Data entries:
>>>

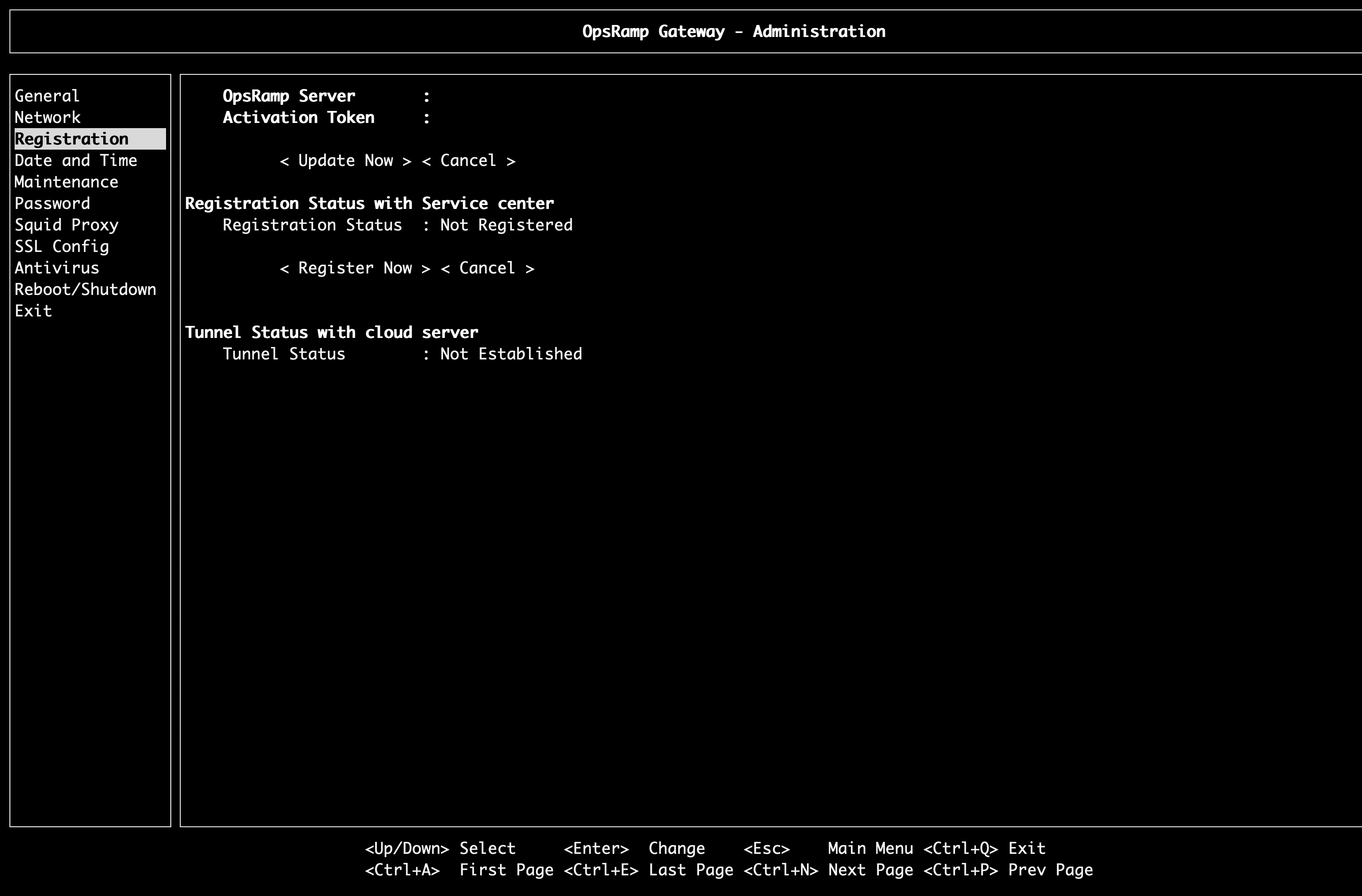 Enter the Activation Key and OpsRamp Server details in the registration screen.
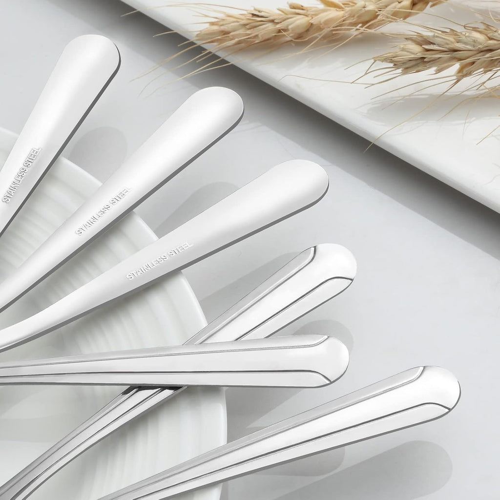 【ERGONOMIC & DISHWASHER SAFE】 The 24 Pieces stainless steel tea spoons are ergonomic design, mirror polished. The curvature of our round handle is designed according to the posture of the hand, and the edge of teaspoons are smooth that they won't hurt you. Besides, these small coffee spoons are carefully weighted to be comfortable to hold
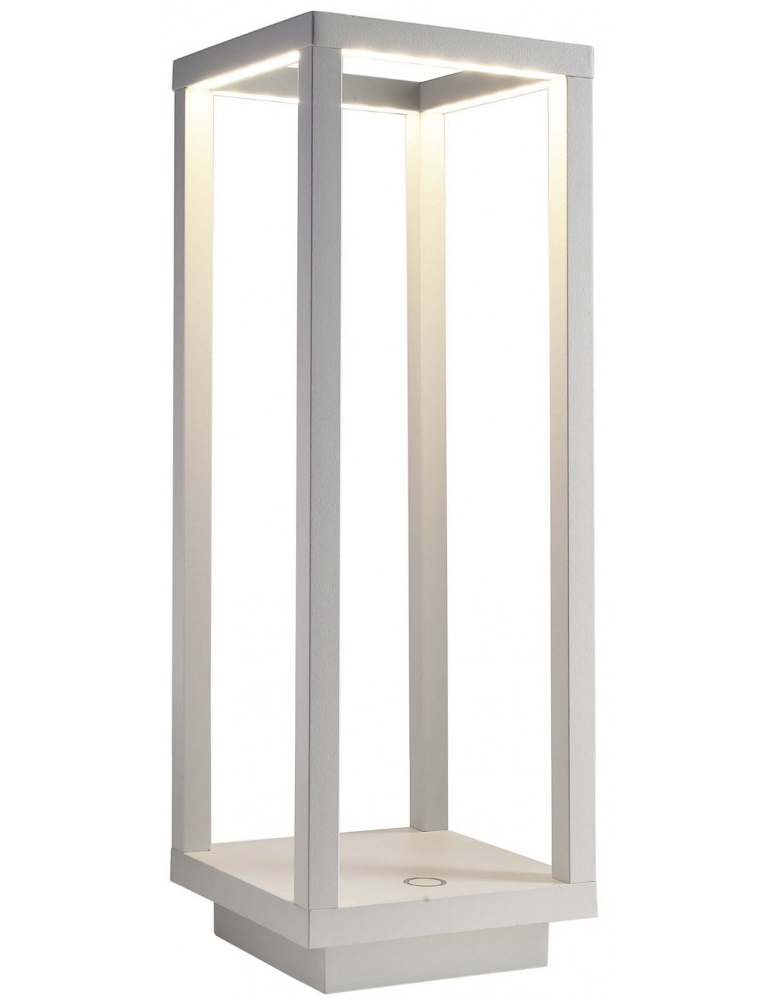 Udendørs trådløs opladelig bordlampe udført i et moderne design af hvidlakeret aluminium. Lampen måler 29,2 cm i højden og oplades via usb stik/ladestation (inkl.). Lampen anvender 1 x 2,2W lyskilde, der giver et hyggeligt lys når mørket falder på. Lampen er dæmpbar og justeres via touchknap. Lampen holder strøm i op til 10 timer, afhængig af opladning og temperatur.
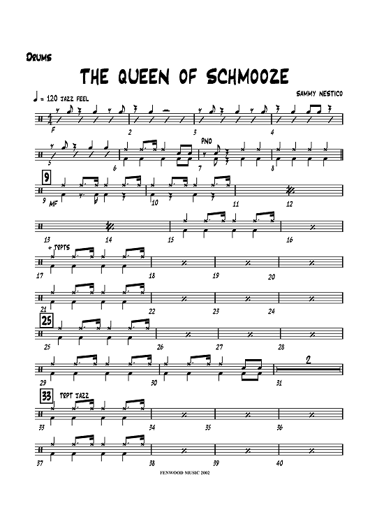 "The Queen of Schmooze - Drums" Sheet Music by Sammy Nestico
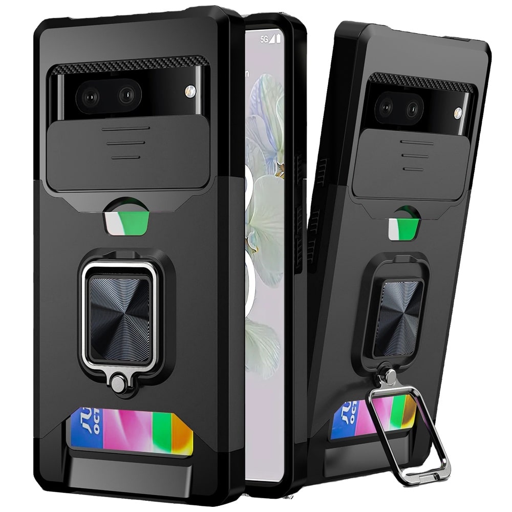 For Google Pixel 6A 6.1″ Multi-Functional Card Magnetic Ring Stand Hybrid Camera Case Cover
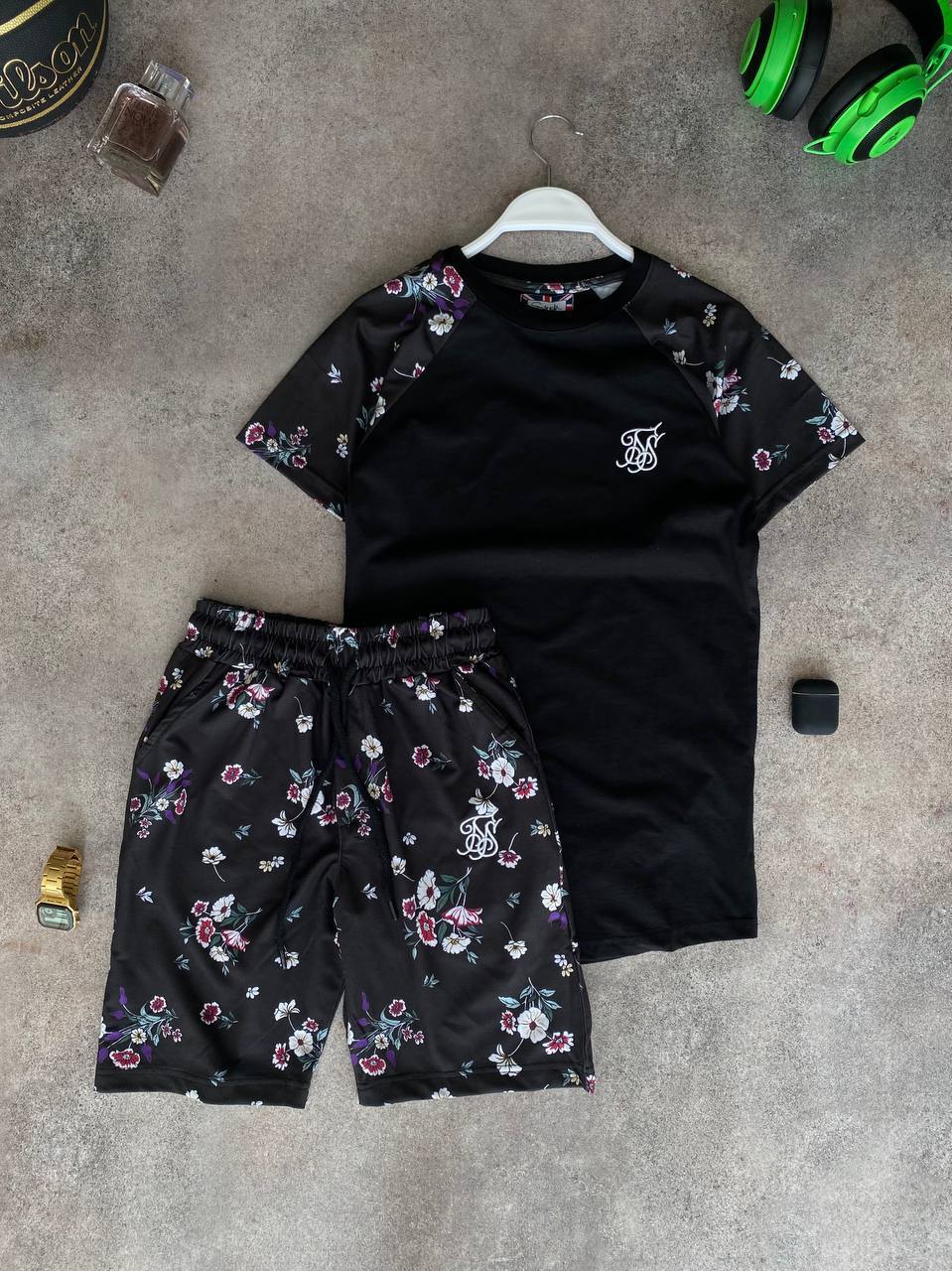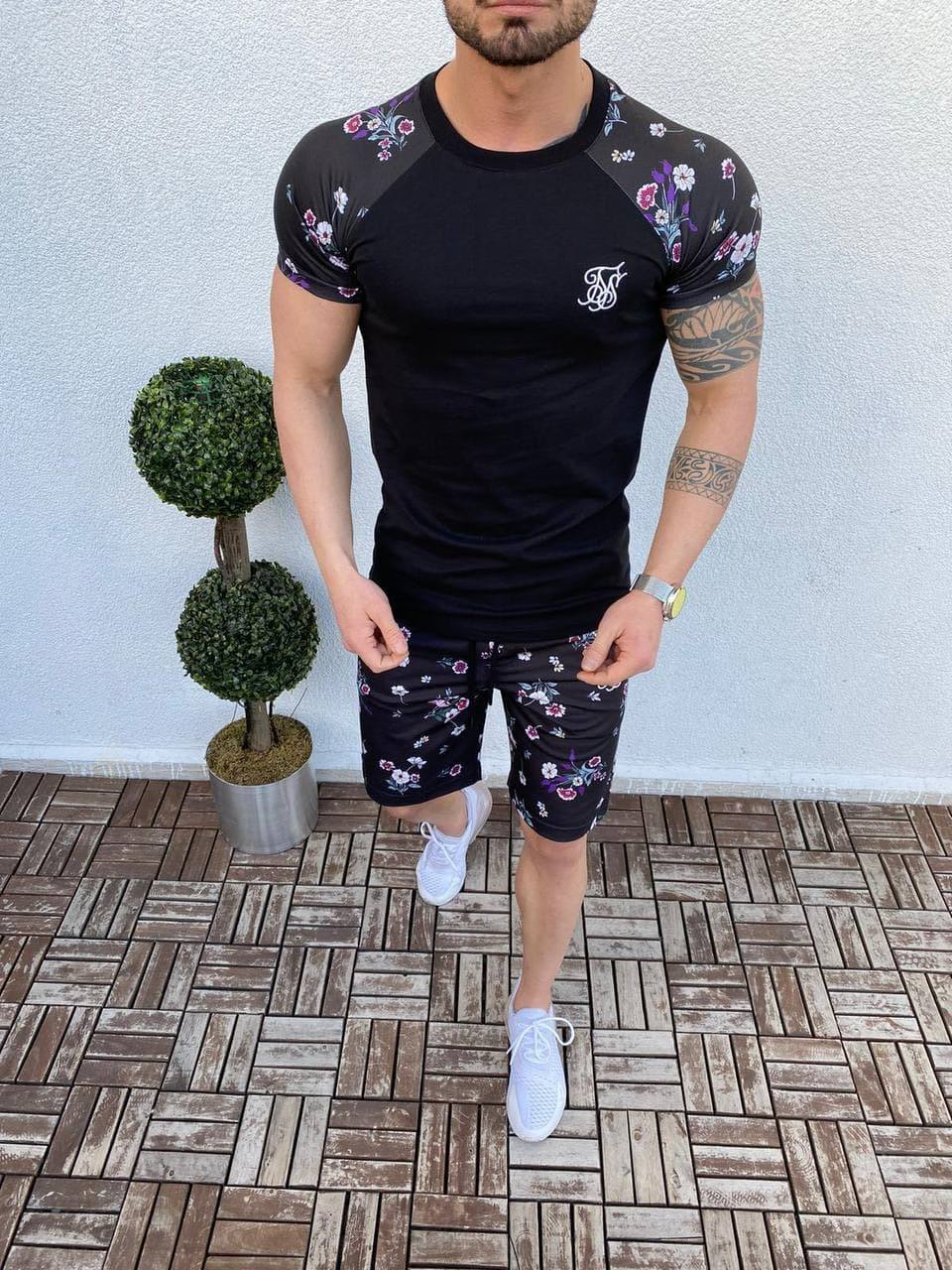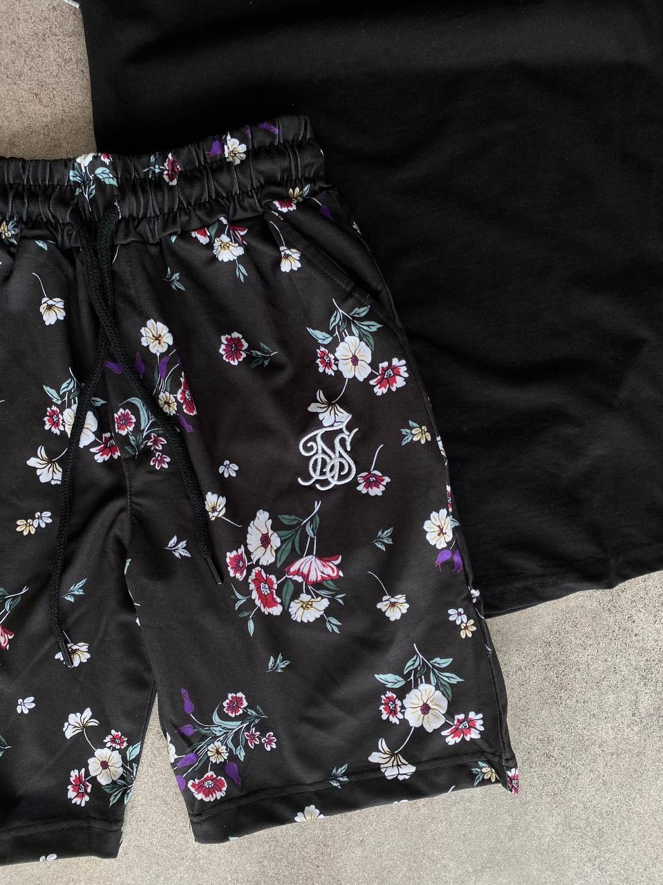 Мужской Летний Черный Комплект с Цветочным Принтом на Шортах и Рукавах (Футболка + Шорты)

<<<

EXERCISE AIM ->
Retype each record exactly as it stands, but do not include the pictures.

RESULT ->
 Enter the Activation Key and OpsRamp Server details in the registration screen.
 【ERGONOMIC & DISHWASHER SAFE】 The 24 Pieces stainless steel tea spoons are ergonomic design, mirror polished. The curvature of our round handle is designed according to the posture of the hand, and the edge of teaspoons are smooth that they won't hurt you. Besides, these small coffee spoons are carefully weighted to be comfortable to hold
 Udendørs trådløs opladelig bordlampe udført i et moderne design af hvidlakeret aluminium. Lampen måler 29,2 cm i højden og oplades via usb stik/ladestation (inkl.). Lampen anvender 1 x 2,2W lyskilde, der giver et hyggeligt lys når mørket falder på. Lampen er dæmpbar og justeres via touchknap. Lampen holder strøm i op til 10 timer, afhængig af opladning og temperatur.
 "The Queen of Schmooze - Drums" Sheet Music by Sammy Nestico
 For Google Pixel 6A 6.1″ Multi-Functional Card Magnetic Ring Stand Hybrid Camera Case Cover
 Мужской Летний Черный Комплект с Цветочным Принтом на Шортах и Рукавах (Футболка + Шорты)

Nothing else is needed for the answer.